Preface: Grandma Gussie and the Parboiled Cat

MY GRANDMOTHER WAS TOUGH AS NAILS. About five foot, bow-legged, always carried a switchblade in her sock. And she dipped snuff. When Grandma was older, I would make it a point to visit her, really talk with her.

Whenever I was heading that way to see her, to relax her I'd bring a bottle of MD 20/20, which was some wine, and some snuff. You know, just to say hello to Grandma. She was around in her early eighties when I'd go and sit with her. We just talked. We called it telling each other lies.

One day I was sitting and talking to Grandma. I said, “Grandma, tell me about your family.” She says, “You know what? When I was a little girl, I had a uncle, his name was Uncle Rubin. Uncle Rubin knew some tricks.”

I said, “What kind of tricks, Grandma?”

She said, “One time I seen Uncle Rubin disappear. I must have been about eight or nine or ten when it happened. Back then when they used to wash clothes, they called it parboiling. They put the clothes in a big black pot over a fire, and just kind of heated them up and washed them.

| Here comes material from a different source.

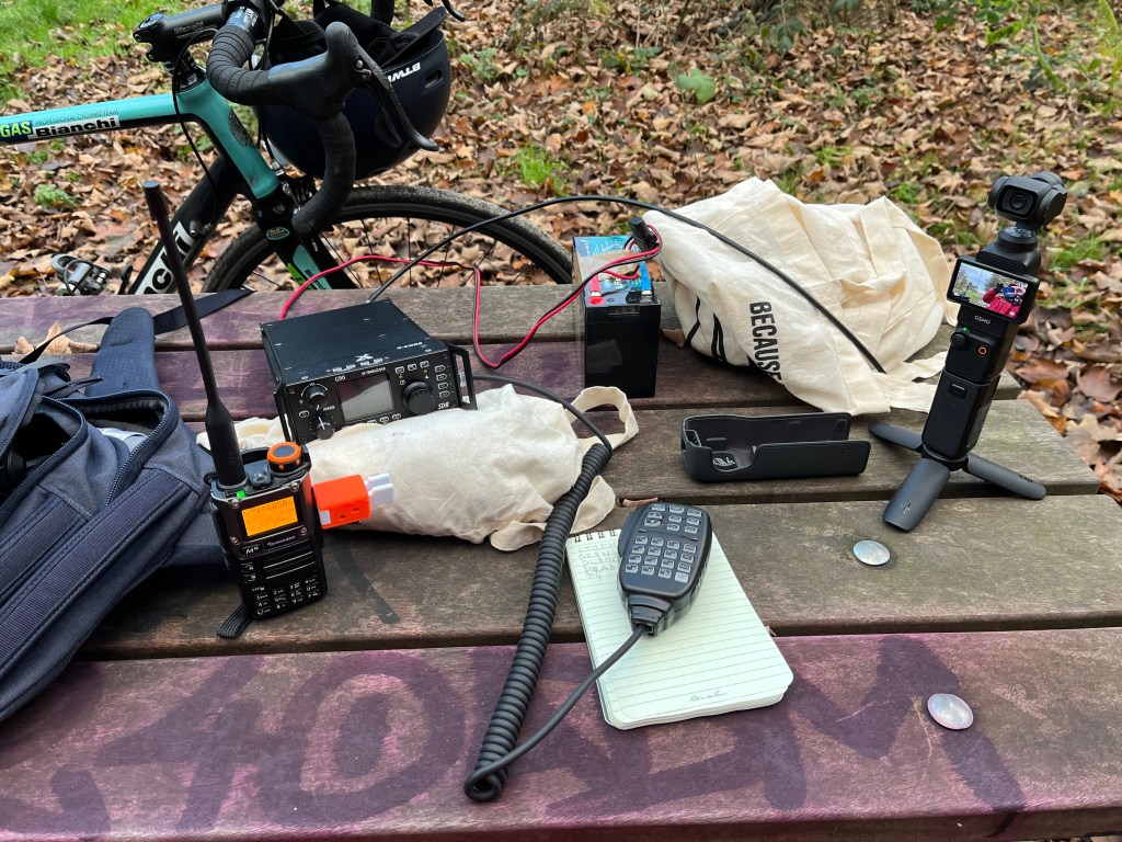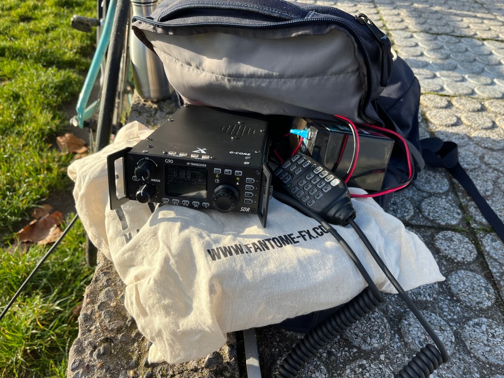 J’étais parti avec mon sac à dos avec tout mon matos HF (Xiegu G90 et antenne Radioddity HF-009) ainsi que deux pockets : mon fidèle Yaesu FT-5D et aussi mon Quansheng UV-K5 s’il me venait l’idée saugrenue de tenter des QSO en CW.

“One day I was out there washing those clothes. Uncle Rubin was going to dump the water out of that pot. He was going to put some fresh water in it. He asked me if I knew of any black cats. I said, “I know some black cats, Uncle Rubin, but they're kind of kittens.” He said, “You go find me a cat, but make sure there's no white on him nowhere.”

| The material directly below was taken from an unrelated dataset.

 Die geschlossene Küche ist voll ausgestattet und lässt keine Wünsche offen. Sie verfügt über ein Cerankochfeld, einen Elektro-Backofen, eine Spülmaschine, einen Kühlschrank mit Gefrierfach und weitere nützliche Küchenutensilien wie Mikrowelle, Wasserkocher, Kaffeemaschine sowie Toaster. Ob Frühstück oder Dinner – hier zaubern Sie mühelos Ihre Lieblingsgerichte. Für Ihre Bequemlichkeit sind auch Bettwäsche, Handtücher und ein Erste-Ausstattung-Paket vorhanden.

“Those cats wasn't our cats, but I went and got Uncle Rubin a cat. When I got the cat back, Uncle Rubin just grabbed that cat and threw him in the water, that boiling water.” She said, “I couldn't believe it. I couldn't believe he did that.”

She said, “Uncle Rubin took all the bones from that cat, and he commenced to sucking on them. And he told me, he said, 'Gussie, now when you can't see me anymore, you nod your head.' And Uncle Rubin just started taking these different bones, sucking on them bones. And I seen my Uncle Rubin disappear.”

There's also an old blues song that says, “I got my black cat bone.” I had always heard that, but I never knew what it meant.

I said, “Grandma, are you serious?”

She said, “Son, I ain't got no reason to lie to you.”